Please restate word for word the lines of the entries below from the one with "Washing curve pocket" to the one with "b. 電站彎管常用(yong", inclusive, and leave out every picture.

## Exercise input
----------

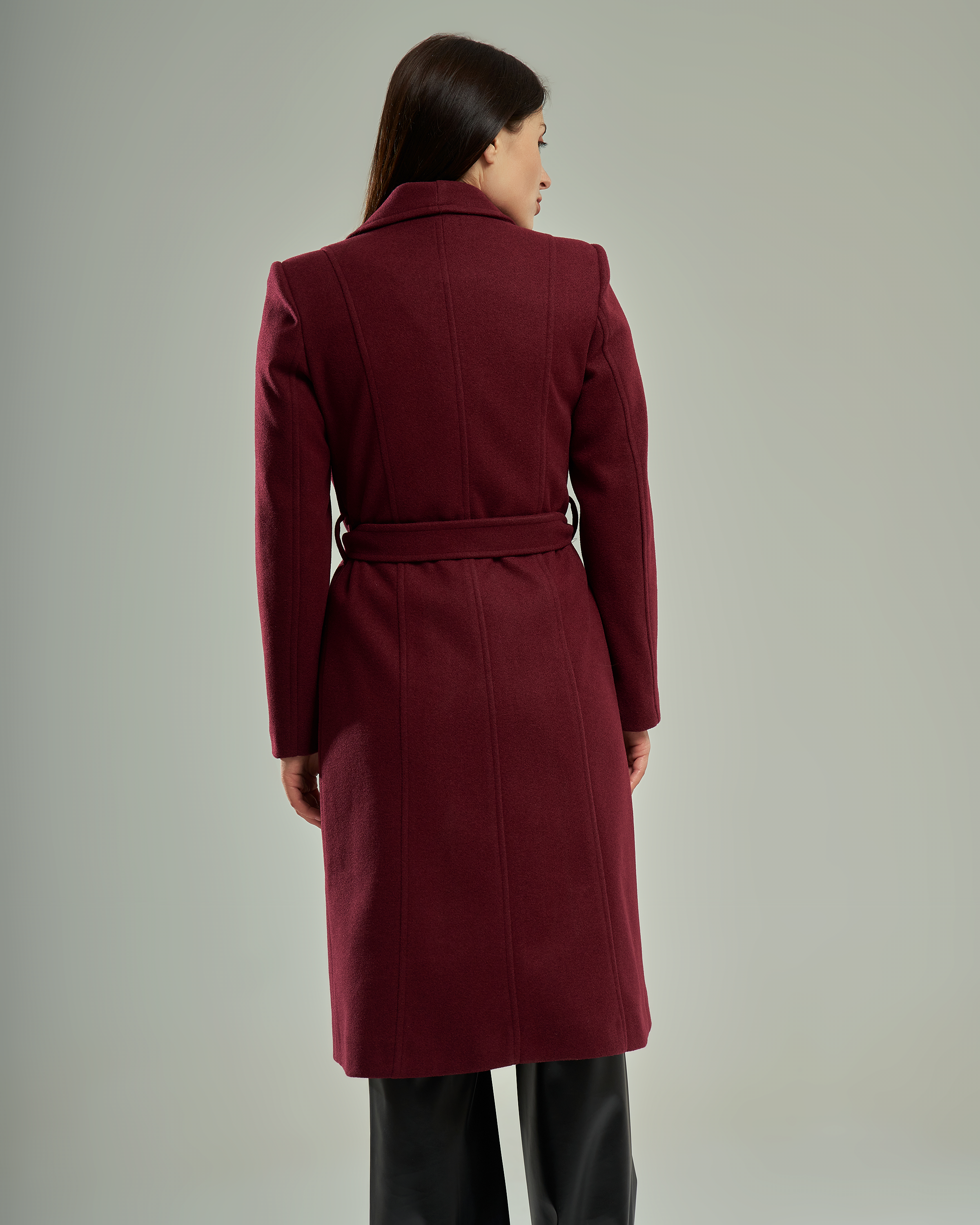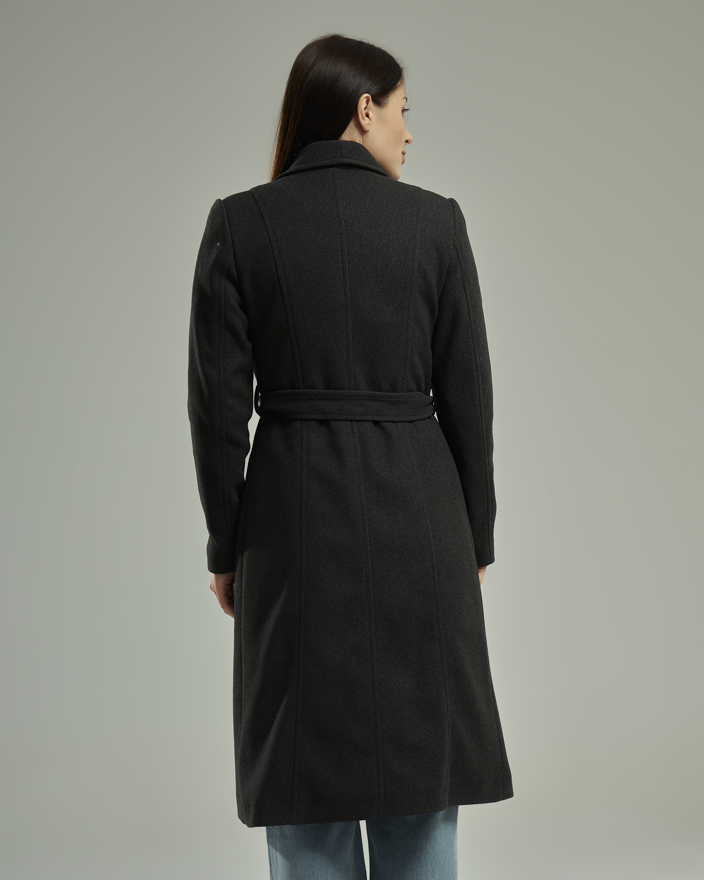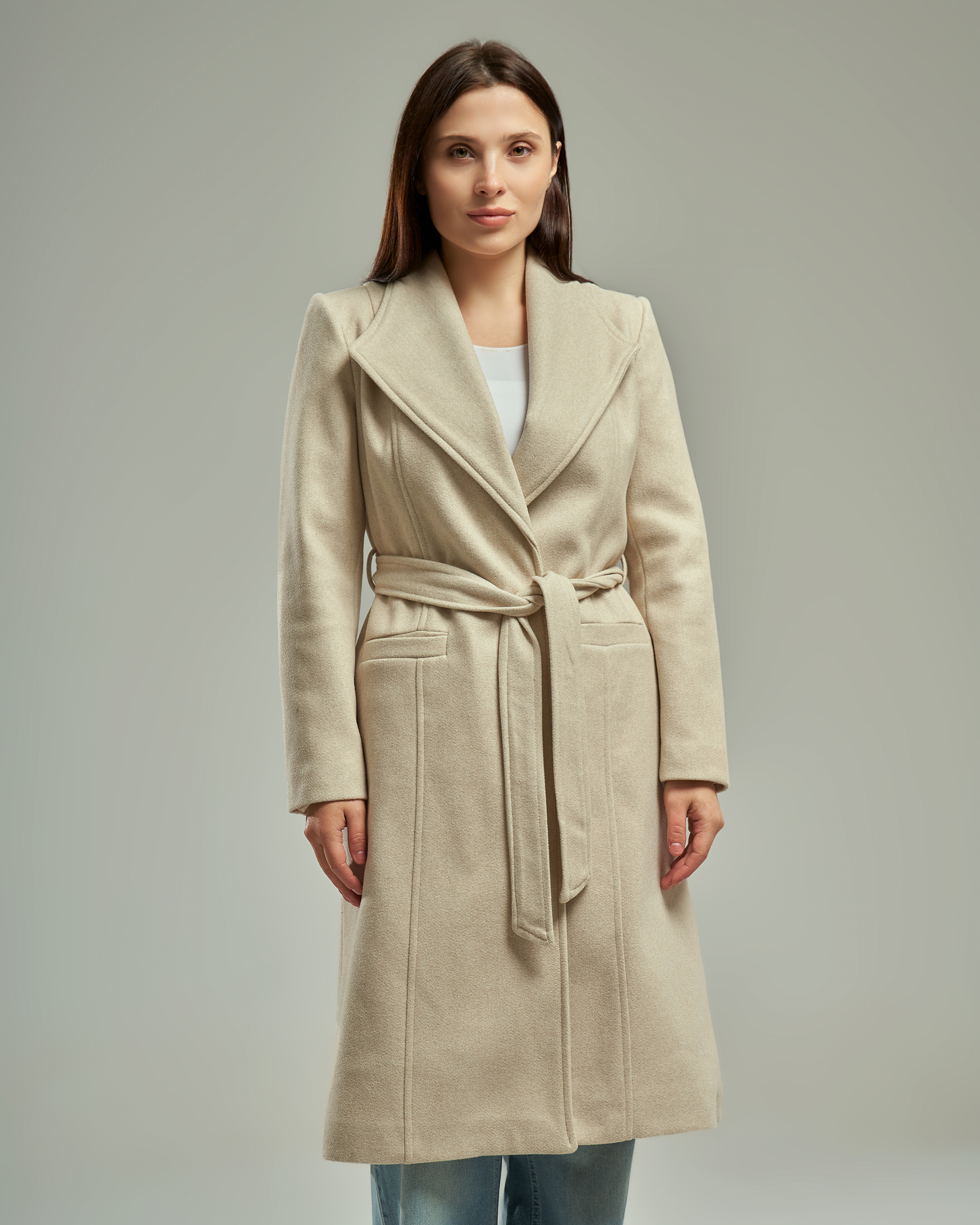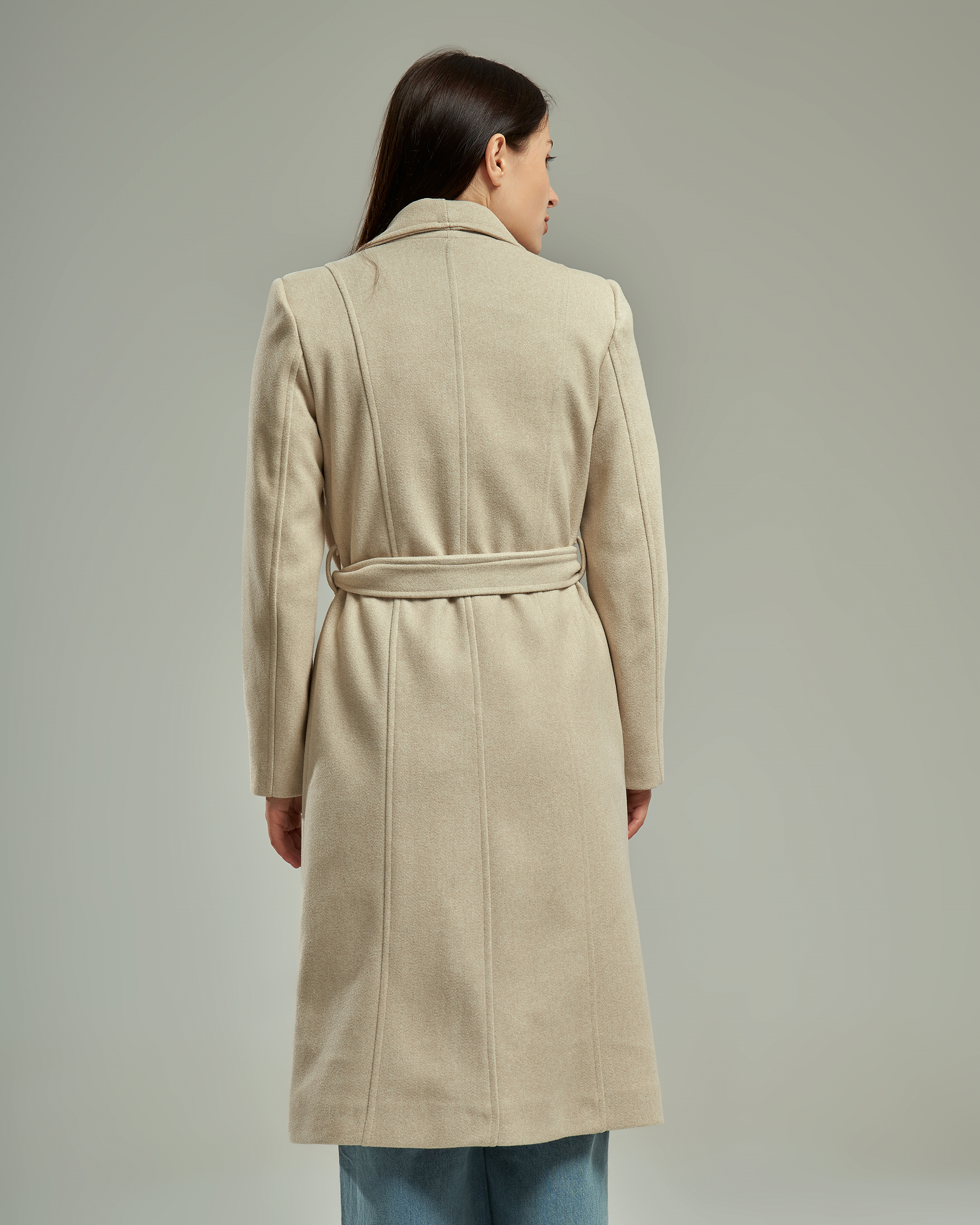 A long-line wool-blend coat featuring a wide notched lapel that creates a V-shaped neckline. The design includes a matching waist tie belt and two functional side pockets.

----------

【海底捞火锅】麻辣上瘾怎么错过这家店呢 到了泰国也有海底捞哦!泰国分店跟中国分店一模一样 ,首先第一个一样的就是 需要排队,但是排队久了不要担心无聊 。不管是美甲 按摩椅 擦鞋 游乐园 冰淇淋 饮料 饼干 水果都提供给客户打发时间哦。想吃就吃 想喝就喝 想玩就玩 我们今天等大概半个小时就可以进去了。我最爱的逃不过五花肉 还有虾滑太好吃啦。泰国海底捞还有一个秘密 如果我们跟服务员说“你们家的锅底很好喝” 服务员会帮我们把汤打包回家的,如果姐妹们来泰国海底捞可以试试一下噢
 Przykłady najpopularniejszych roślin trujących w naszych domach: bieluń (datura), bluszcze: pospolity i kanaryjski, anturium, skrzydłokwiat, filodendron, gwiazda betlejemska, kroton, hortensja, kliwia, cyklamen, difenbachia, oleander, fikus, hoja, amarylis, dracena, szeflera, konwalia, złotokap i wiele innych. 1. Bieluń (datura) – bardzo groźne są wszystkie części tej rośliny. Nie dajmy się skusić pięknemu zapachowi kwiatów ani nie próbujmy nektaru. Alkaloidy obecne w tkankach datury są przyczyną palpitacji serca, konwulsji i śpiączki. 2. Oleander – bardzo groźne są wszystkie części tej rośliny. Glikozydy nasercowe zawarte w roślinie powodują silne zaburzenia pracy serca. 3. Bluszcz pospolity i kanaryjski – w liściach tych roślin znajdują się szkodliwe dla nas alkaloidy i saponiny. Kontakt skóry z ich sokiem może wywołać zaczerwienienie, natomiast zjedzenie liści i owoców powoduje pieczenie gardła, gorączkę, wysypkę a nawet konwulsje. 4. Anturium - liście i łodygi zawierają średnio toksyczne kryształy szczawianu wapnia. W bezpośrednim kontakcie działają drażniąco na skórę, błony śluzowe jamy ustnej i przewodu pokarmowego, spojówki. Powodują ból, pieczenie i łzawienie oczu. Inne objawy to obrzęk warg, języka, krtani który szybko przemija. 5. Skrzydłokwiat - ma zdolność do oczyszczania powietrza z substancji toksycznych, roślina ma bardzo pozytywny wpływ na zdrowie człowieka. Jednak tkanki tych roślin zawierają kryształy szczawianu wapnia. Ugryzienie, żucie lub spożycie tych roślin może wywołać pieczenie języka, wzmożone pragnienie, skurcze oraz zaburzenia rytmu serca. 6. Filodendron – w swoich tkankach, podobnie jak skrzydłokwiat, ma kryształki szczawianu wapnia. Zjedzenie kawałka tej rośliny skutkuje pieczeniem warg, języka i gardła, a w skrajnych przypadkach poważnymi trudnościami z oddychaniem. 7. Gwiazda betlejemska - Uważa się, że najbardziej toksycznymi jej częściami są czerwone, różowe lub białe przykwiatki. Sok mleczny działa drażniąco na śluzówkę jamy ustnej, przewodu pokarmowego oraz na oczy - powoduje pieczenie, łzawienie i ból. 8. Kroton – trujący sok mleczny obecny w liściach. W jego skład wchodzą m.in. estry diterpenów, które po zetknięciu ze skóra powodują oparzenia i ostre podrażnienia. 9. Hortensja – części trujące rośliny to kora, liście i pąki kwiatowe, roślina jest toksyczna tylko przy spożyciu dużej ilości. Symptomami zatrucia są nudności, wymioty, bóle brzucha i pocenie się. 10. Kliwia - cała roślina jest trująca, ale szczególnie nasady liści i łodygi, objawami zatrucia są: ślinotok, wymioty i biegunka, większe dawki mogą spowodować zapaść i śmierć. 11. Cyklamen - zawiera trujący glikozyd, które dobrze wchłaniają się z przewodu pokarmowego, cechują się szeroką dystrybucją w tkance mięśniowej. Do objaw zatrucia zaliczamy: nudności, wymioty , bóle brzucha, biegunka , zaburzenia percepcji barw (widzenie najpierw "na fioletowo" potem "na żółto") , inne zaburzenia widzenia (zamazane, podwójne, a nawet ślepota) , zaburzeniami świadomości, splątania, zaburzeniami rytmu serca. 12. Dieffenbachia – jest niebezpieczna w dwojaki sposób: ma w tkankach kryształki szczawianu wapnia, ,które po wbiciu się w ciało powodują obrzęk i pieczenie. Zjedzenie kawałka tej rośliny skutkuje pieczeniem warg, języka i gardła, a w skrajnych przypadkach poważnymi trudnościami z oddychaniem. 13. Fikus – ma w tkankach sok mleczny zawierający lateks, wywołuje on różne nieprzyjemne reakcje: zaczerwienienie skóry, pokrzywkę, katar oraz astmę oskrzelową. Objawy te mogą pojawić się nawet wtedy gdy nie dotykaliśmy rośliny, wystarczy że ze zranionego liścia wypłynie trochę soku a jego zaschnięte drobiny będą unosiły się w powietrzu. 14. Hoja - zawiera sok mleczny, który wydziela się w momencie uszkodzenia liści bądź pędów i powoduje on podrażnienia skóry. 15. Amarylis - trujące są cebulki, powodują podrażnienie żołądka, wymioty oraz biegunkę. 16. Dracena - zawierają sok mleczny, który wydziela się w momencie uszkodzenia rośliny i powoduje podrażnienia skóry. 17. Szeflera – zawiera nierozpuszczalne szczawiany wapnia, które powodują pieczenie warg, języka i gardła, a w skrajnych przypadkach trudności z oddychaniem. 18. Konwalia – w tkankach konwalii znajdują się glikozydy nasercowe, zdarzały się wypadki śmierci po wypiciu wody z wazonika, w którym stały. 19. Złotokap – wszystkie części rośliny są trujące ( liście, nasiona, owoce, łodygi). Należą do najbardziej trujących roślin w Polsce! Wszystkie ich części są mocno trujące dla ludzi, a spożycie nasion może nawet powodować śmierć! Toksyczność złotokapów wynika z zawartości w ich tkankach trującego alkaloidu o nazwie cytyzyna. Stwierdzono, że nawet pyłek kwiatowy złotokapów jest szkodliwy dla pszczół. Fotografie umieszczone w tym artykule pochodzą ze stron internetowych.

----------

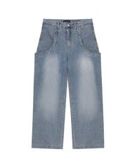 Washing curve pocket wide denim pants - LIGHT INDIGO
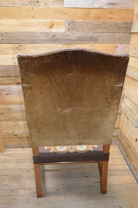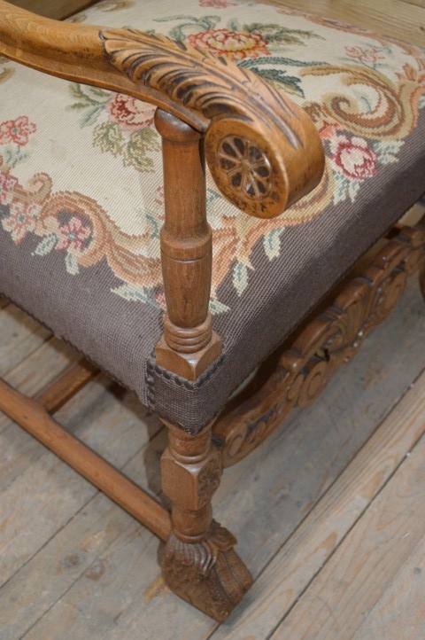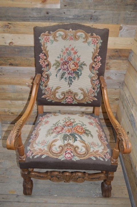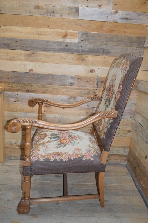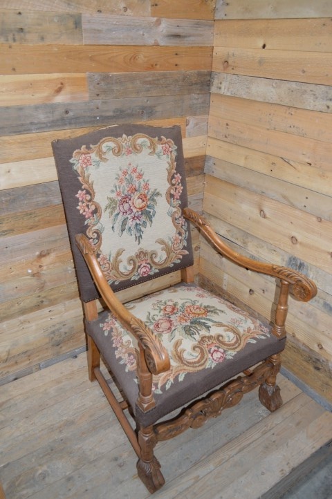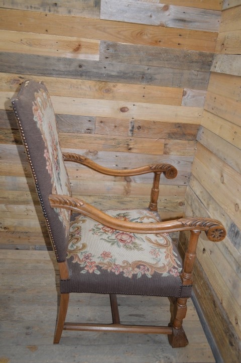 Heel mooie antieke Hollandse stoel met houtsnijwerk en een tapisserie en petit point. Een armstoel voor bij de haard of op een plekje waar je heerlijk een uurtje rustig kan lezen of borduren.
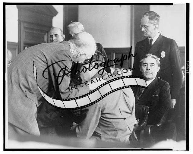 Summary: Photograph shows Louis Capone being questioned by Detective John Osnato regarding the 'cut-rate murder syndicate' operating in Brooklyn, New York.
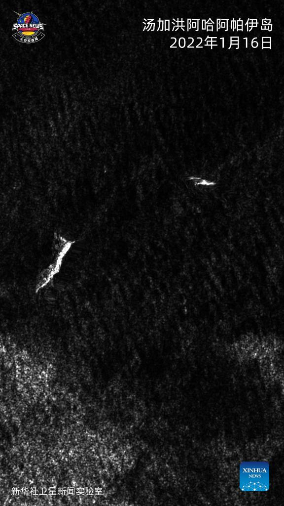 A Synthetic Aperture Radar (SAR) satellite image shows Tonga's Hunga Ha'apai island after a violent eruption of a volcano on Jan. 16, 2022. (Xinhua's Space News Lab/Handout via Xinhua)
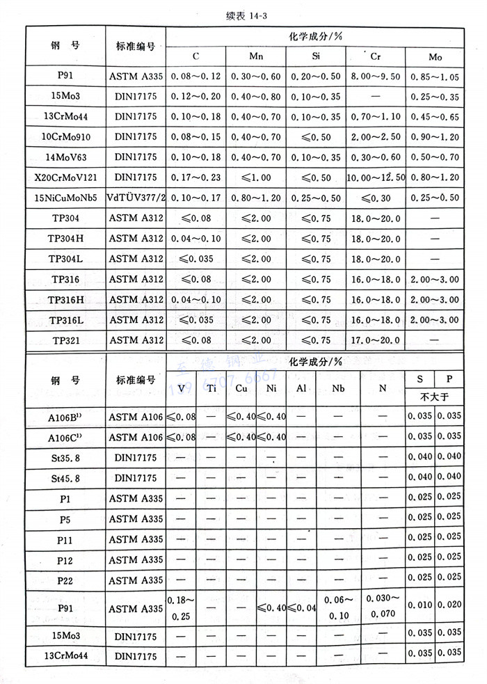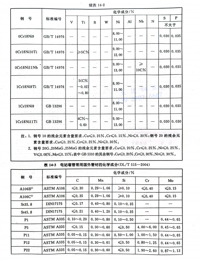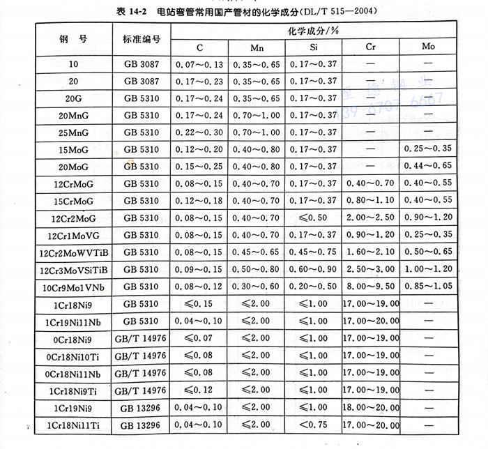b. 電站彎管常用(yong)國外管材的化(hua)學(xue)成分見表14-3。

----------

## Answer to this exercise
 Washing curve pocket wide denim pants - LIGHT INDIGO
 Heel mooie antieke Hollandse stoel met houtsnijwerk en een tapisserie en petit point. Een armstoel voor bij de haard of op een plekje waar je heerlijk een uurtje rustig kan lezen of borduren.
 Summary: Photograph shows Louis Capone being questioned by Detective John Osnato regarding the 'cut-rate murder syndicate' operating in Brooklyn, New York.
 A Synthetic Aperture Radar (SAR) satellite image shows Tonga's Hunga Ha'apai island after a violent eruption of a volcano on Jan. 16, 2022. (Xinhua's Space News Lab/Handout via Xinhua)
b. 電站彎管常用(yong)國外管材的化(hua)學(xue)成分見表14-3。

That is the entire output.